WORK TO BE COMPLETED
A word-for-word copy of all entries is required, without images.

EXERCISE DATA

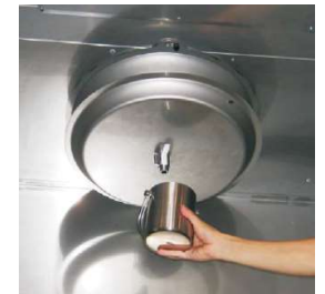
Opróżnianie tacy ociekowej filtra Turbo-Swing
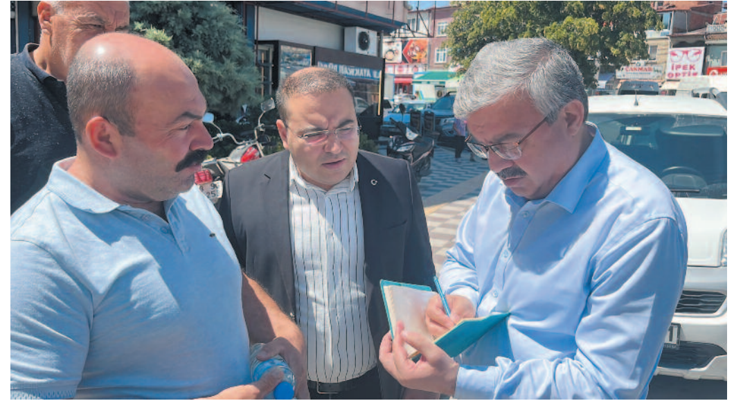
Milletvekili İbrahim Yurdunuseven, ilçe ve köy ziyaretlerine Şuhut ilçesinden başladı. İlk olarak Şuhut İlçe Başkanı Harun Korkmaz'ı ziyaret eden Milletvekili Yurdunuseven, İl Genel Meclis Üyeleri ve Şuhut teşkilatı ile bir araya geldi.
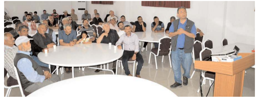
Topaktaş Kardeşler Case Bayii olarak yaklaşık 55 yıldır Çorum ve bölge çiftçisine traktör satış ve satış sonrası hizmet veriyor.
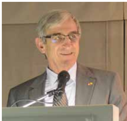
Peter Bischof Embajador de Suiza en Bolivia

Los grandes desafíos de nuestro tiempo son de carácter global. Suiza quiere asumir su responsabilidad. Quiere defender sus intereses y aportar para que el mundo tenga mejores posibilidades de paz y mejores oportunidades para las próximas generaciones ¡Un mundo de la gente y para la gente! Buena lectura, estimados lectores y lectoras, espero que esta nueva edición sea de su agrado.
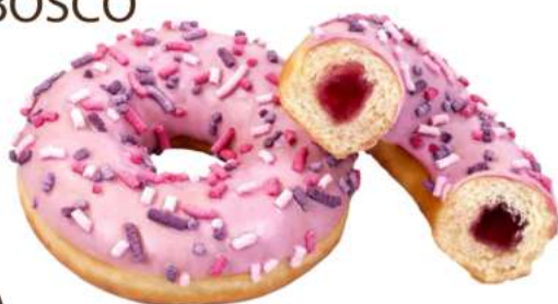
CIAMBELLA DONUTS CIOK
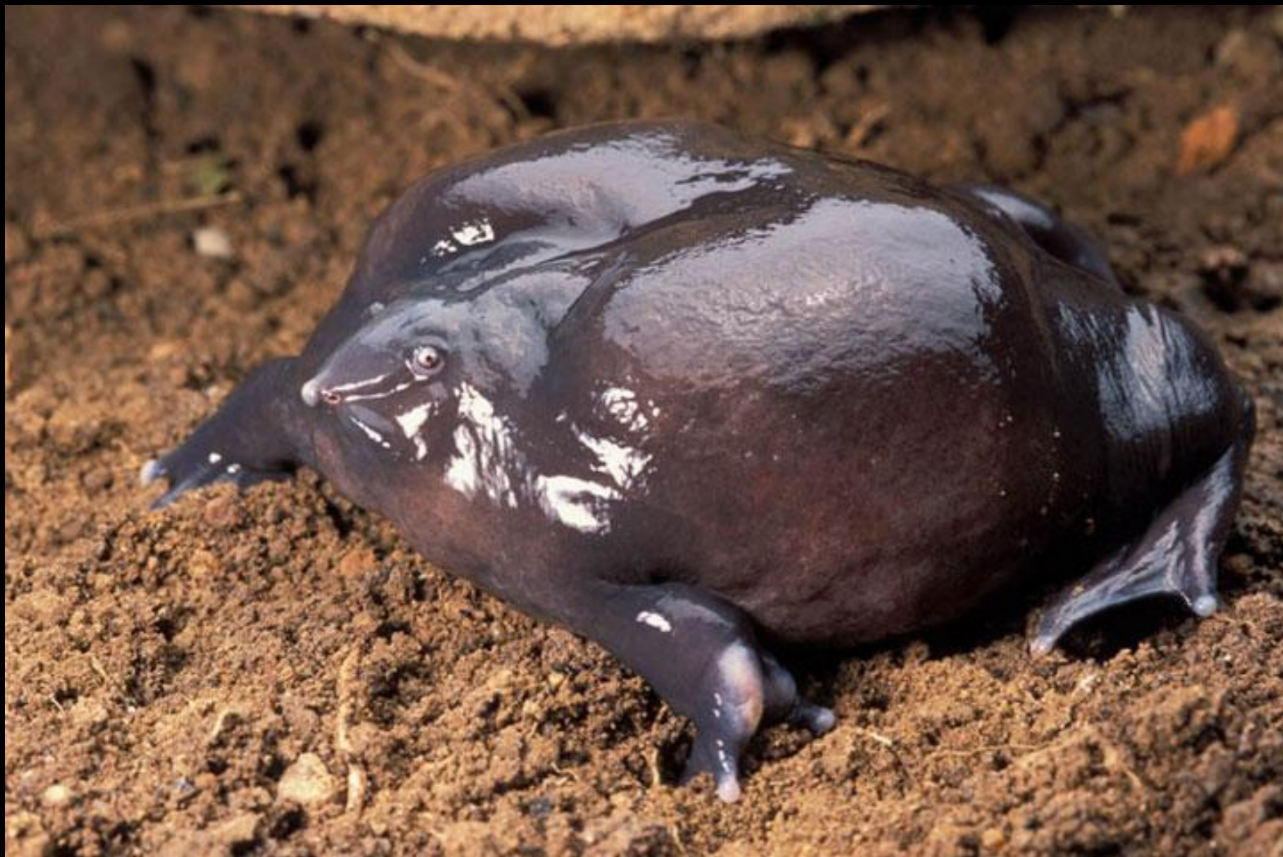
The Indian Purple Frog (La grenouille violette d'Inde)
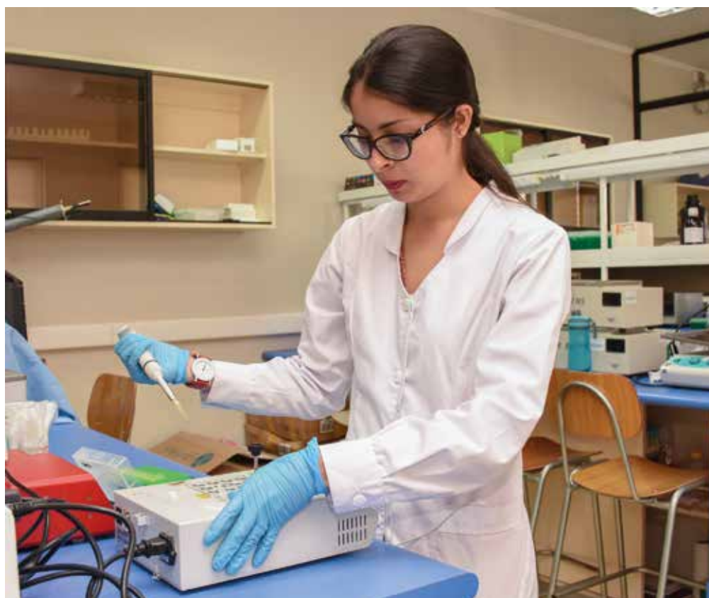
Los programas que contarán con becados de Conicyt corresponden a distintas áreas.
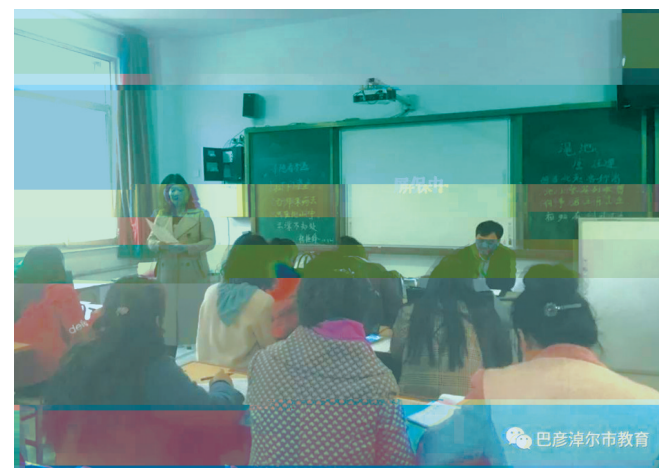
今年10月,巴彦淖尔市某小学开展教师业务培训会,会上介绍了小猿口算等新技术App的功能和优缺点。

不久前,一位家长因未批改孩子口算作业被教师在家长群点名批评,这一遭遇被截图发在网上之后立刻引发了社会的关注。不少家长表示,如今,家长批改作业现象非常普遍,尤其是口算作业枯燥无味,家长的下班时间几乎被家庭作业填满,矛盾一触即发。
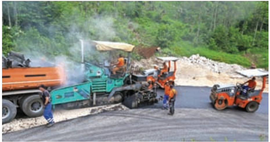
Prizor je z asfaltiranja t. i. prve ride na cesti proti Jezerskemu vrhu.

V tem času so v občini preplastili še dve cesti: ena gre čez Gaštej, druga je na začetku doline Komatevre. Asfaltiranje ceste čez Gaštej je bilo načrtovano že dolgo. Na novo asfaltirana cesta je pri-
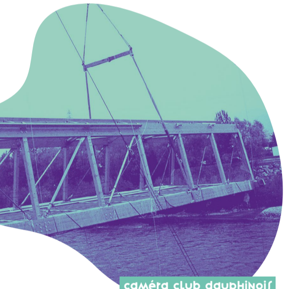
caméra club dauphinois

Dans un second temps, le tramway C sera à l'honneur. Vous pourrez vivre ou revivre son inauguration, haute en couleurs, organisée en mai 2006.
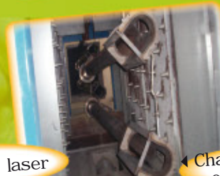
Chaînes décapage et peinture
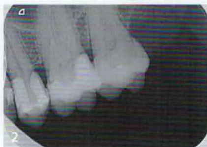
Radiologische Ausgangssituation Zahn 26
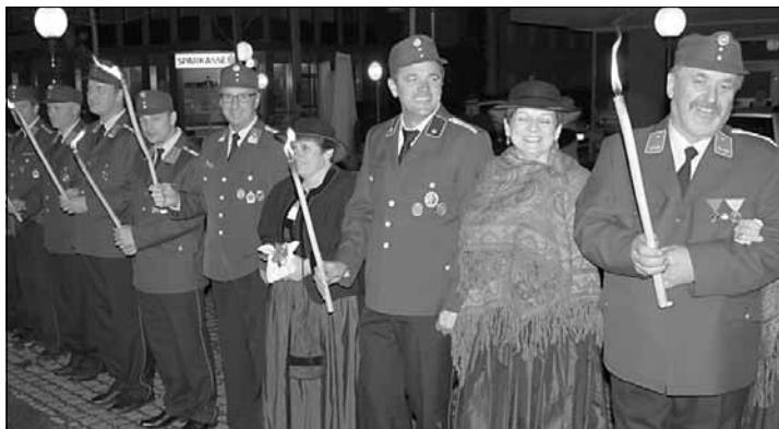
Mit Fackeln bildeten die Kameraden der FF Gallspach und Enzendorf mit der Goldhauben- und Hutträgerinnen Gruppe ein Spalier beim Defilee.
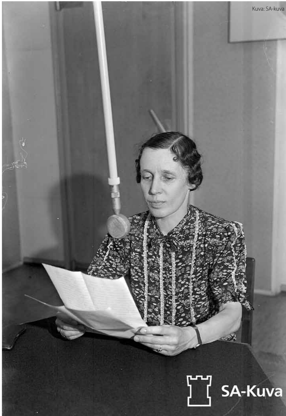
Rouva Ryti pitää puhetta. Helsinki 5.7.1941.

Huhtikuussa 1938 Gerda Ryti kuuli ensimmäisen kerran oman henkioppaansa puhuvan. Meni aikaa ennen kuin sopivat muodot löytyivät. Aluksi opas tuli ja meni miten halusi ja neuvot olivat kovin kummallisia, mutta harjoit-
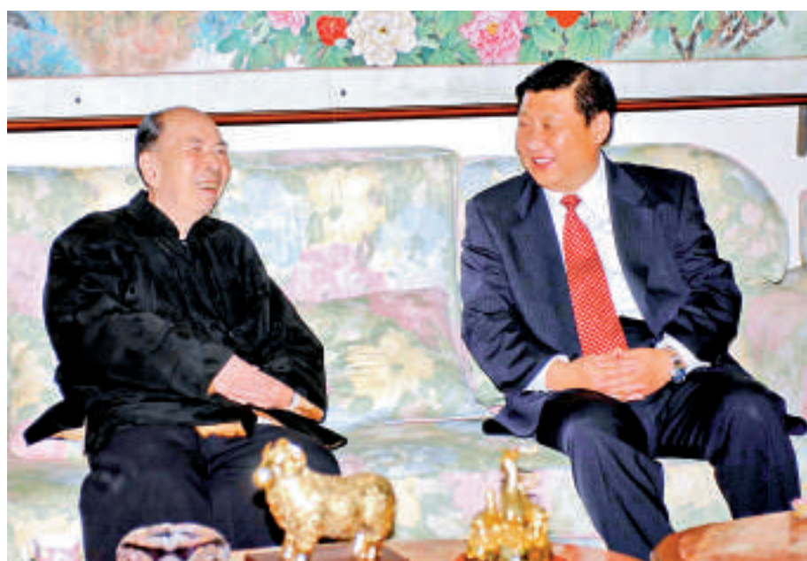
▲習近平05年在澳門看望馬萬祺

晚年時，馬萬祺在2006年中風，北京特遣醫療專家到澳門參與搶救，及後將他送往北京解放軍301醫院救治，此後他一直在北京養病。在今年1月現任全國政協主席俞正聲曾到醫院探望馬萬祺，當時馬萬祺精神不錯。
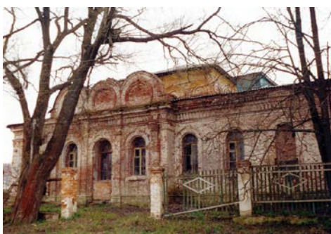
Храм до реставрации
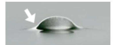
Simulovaná slza* + EvoTears®
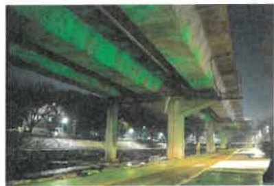
<홍제천-내부순환로 측면 고보조명>
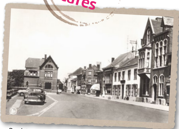
De plets, midden 20 e Eeuw.
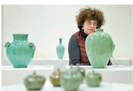
◆參觀者在「聽瓷語 觀世界——宋韻龍泉青瓷展」上觀賞瓷器。

明代就傳入歐洲並得名「雪拉同」(Celadon)的中國龍泉青瓷今月初回到歐洲，「聽瓷語 觀世界——宋韻龍泉青瓷展」在布魯塞爾中國文化中心拉開帷幕，55件由龍泉當地藝術家和手工藝人設計燒製的青瓷作品將與比利時公眾見面，為號稱「歐洲心臟」的比利時添一抹溫潤如玉的青綠。
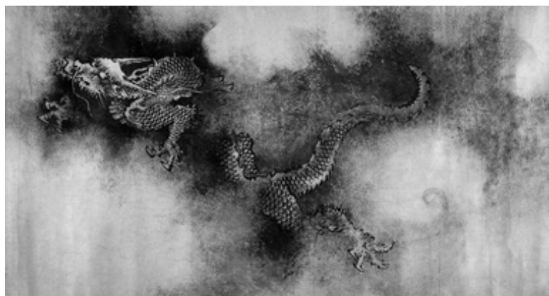
南宋 陳容 九龍圖卷（局部），大約從唐代起，龍的造形已基本固定。

既然龍是種想像的動物，那麼牠的行為當然也出於想像。《說文》：「龍，鱗蟲之長，能幽能明，能細能巨，能短能長，春分
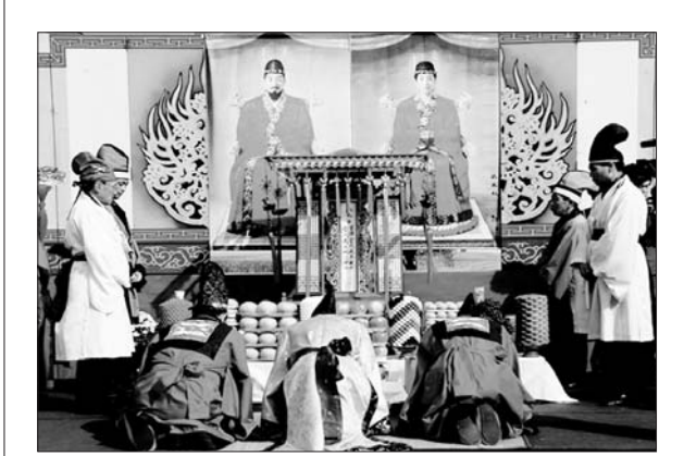
익산서동축제의 무왕제례가 축제개막일인 익산문화원 주관으로 개최된다.

들어 호적에 실린 4,000호 중 양반가구가 1,500여호나 된다'는 등 조선 후기의 익산군 정황을 생생하게 전하고 있어서 금마지를 읽는 또 하나의 재미를 던져준다. 그동안 '금마지'는 미륵사지나 왕궁리유적 등 익산의 과거, 역사·문화 등 익산의 정체성을 규명하는 데 없어서는 안 될 귀중한 자료임에도 불구하고 번역되지 않아 원전을 읽을 수 있는 전문가들에 의해서만 일부 내용이 제한적으로 인용되어 왔었다. 익산시 관계자는 "향후 익산의 역사와 문화를 전해주는 문헌자료를 발굴해 보다 더 많은 사람들이 이 지역의 역사적 가치를 알 수 있도록 번역하는 작업을 지속적으로 진행할 예정이다"고 말했다. /익산=장인천 기자
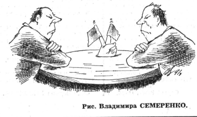
Рис. Владимира СЕМЕРЕНКО.
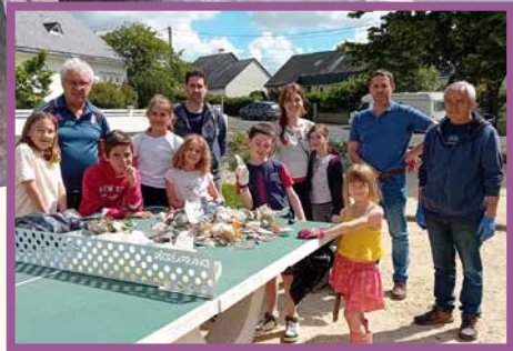
Une journée sous le signe de la rencontre
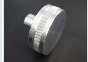
飛び越し割り出し
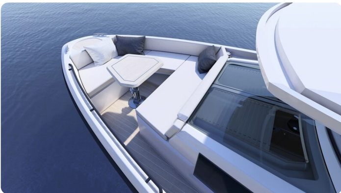
Saxdor 340 WA bow dinette
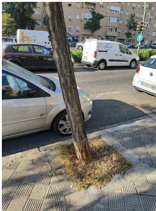
Vista general del ejemplar con id 43575
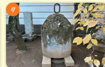
4 コンクリートの釣鐘 (中道寺) 荻窪2-25-1 山門は、鐘楼を兼ねる鐘楼門。安永2(1773)年の上棟。梵鐘は金属回収令により回収され、強固対策としてコンクリート製の鐘を吊るした。
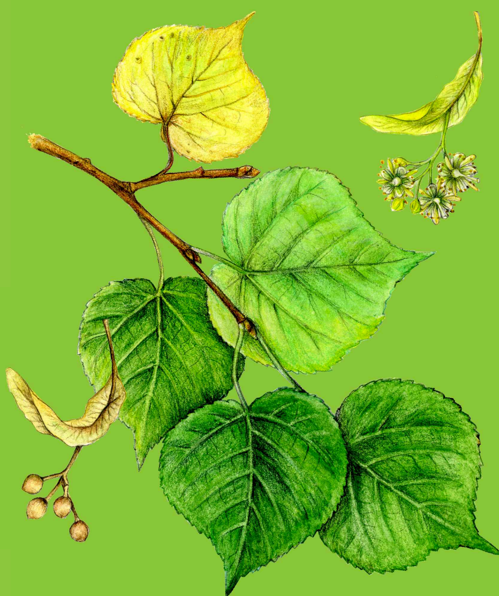
lípa srdčitá Tilia cordata

Lípy jsou jednou z hlavních dřevin zdejších břehových porostů. Společně s jírovcem maďalem tvoří také Bezručovu alej.

ANSWER FOR THIS EXERCISE
Opróżnianie tacy ociekowej filtra Turbo-Swing
Milletvekili İbrahim Yurdunuseven, ilçe ve köy ziyaretlerine Şuhut ilçesinden başladı. İlk olarak Şuhut İlçe Başkanı Harun Korkmaz'ı ziyaret eden Milletvekili Yurdunuseven, İl Genel Meclis Üyeleri ve Şuhut teşkilatı ile bir araya geldi.
Topaktaş Kardeşler Case Bayii olarak yaklaşık 55 yıldır Çorum ve bölge çiftçisine traktör satış ve satış sonrası hizmet veriyor.
Peter Bischof Embajador de Suiza en Bolivia

Los grandes desafíos de nuestro tiempo son de carácter global. Suiza quiere asumir su responsabilidad. Quiere defender sus intereses y aportar para que el mundo tenga mejores posibilidades de paz y mejores oportunidades para las próximas generaciones ¡Un mundo de la gente y para la gente! Buena lectura, estimados lectores y lectoras, espero que esta nueva edición sea de su agrado.
CIAMBELLA DONUTS CIOK
The Indian Purple Frog (La grenouille violette d'Inde)
Los programas que contarán con becados de Conicyt corresponden a distintas áreas.
今年10月,巴彦淖尔市某小学开展教师业务培训会,会上介绍了小猿口算等新技术App的功能和优缺点。

不久前,一位家长因未批改孩子口算作业被教师在家长群点名批评,这一遭遇被截图发在网上之后立刻引发了社会的关注。不少家长表示,如今,家长批改作业现象非常普遍,尤其是口算作业枯燥无味,家长的下班时间几乎被家庭作业填满,矛盾一触即发。
Prizor je z asfaltiranja t. i. prve ride na cesti proti Jezerskemu vrhu.

V tem času so v občini preplastili še dve cesti: ena gre čez Gaštej, druga je na začetku doline Komatevre. Asfaltiranje ceste čez Gaštej je bilo načrtovano že dolgo. Na novo asfaltirana cesta je pri-
caméra club dauphinois

Dans un second temps, le tramway C sera à l'honneur. Vous pourrez vivre ou revivre son inauguration, haute en couleurs, organisée en mai 2006.
Chaînes décapage et peinture
Radiologische Ausgangssituation Zahn 26
Mit Fackeln bildeten die Kameraden der FF Gallspach und Enzendorf mit der Goldhauben- und Hutträgerinnen Gruppe ein Spalier beim Defilee.
Rouva Ryti pitää puhetta. Helsinki 5.7.1941.

Huhtikuussa 1938 Gerda Ryti kuuli ensimmäisen kerran oman henkioppaansa puhuvan. Meni aikaa ennen kuin sopivat muodot löytyivät. Aluksi opas tuli ja meni miten halusi ja neuvot olivat kovin kummallisia, mutta harjoit-
▲習近平05年在澳門看望馬萬祺

晚年時，馬萬祺在2006年中風，北京特遣醫療專家到澳門參與搶救，及後將他送往北京解放軍301醫院救治，此後他一直在北京養病。在今年1月現任全國政協主席俞正聲曾到醫院探望馬萬祺，當時馬萬祺精神不錯。
Храм до реставрации
Simulovaná slza* + EvoTears®
<홍제천-내부순환로 측면 고보조명>
De plets, midden 20 e Eeuw.
◆參觀者在「聽瓷語 觀世界——宋韻龍泉青瓷展」上觀賞瓷器。

明代就傳入歐洲並得名「雪拉同」(Celadon)的中國龍泉青瓷今月初回到歐洲，「聽瓷語 觀世界——宋韻龍泉青瓷展」在布魯塞爾中國文化中心拉開帷幕，55件由龍泉當地藝術家和手工藝人設計燒製的青瓷作品將與比利時公眾見面，為號稱「歐洲心臟」的比利時添一抹溫潤如玉的青綠。
南宋 陳容 九龍圖卷（局部），大約從唐代起，龍的造形已基本固定。

既然龍是種想像的動物，那麼牠的行為當然也出於想像。《說文》：「龍，鱗蟲之長，能幽能明，能細能巨，能短能長，春分
익산서동축제의 무왕제례가 축제개막일인 익산문화원 주관으로 개최된다.

들어 호적에 실린 4,000호 중 양반가구가 1,500여호나 된다'는 등 조선 후기의 익산군 정황을 생생하게 전하고 있어서 금마지를 읽는 또 하나의 재미를 던져준다. 그동안 '금마지'는 미륵사지나 왕궁리유적 등 익산의 과거, 역사·문화 등 익산의 정체성을 규명하는 데 없어서는 안 될 귀중한 자료임에도 불구하고 번역되지 않아 원전을 읽을 수 있는 전문가들에 의해서만 일부 내용이 제한적으로 인용되어 왔었다. 익산시 관계자는 "향후 익산의 역사와 문화를 전해주는 문헌자료를 발굴해 보다 더 많은 사람들이 이 지역의 역사적 가치를 알 수 있도록 번역하는 작업을 지속적으로 진행할 예정이다"고 말했다. /익산=장인천 기자
Рис. Владимира СЕМЕРЕНКО.
Une journée sous le signe de la rencontre
飛び越し割り出し
Saxdor 340 WA bow dinette
Vista general del ejemplar con id 43575
4 コンクリートの釣鐘 (中道寺) 荻窪2-25-1 山門は、鐘楼を兼ねる鐘楼門。安永2(1773)年の上棟。梵鐘は金属回収令により回収され、強固対策としてコンクリート製の鐘を吊るした。
lípa srdčitá Tilia cordata

Lípy jsou jednou z hlavních dřevin zdejších břehových porostů. Společně s jírovcem maďalem tvoří také Bezručovu alej.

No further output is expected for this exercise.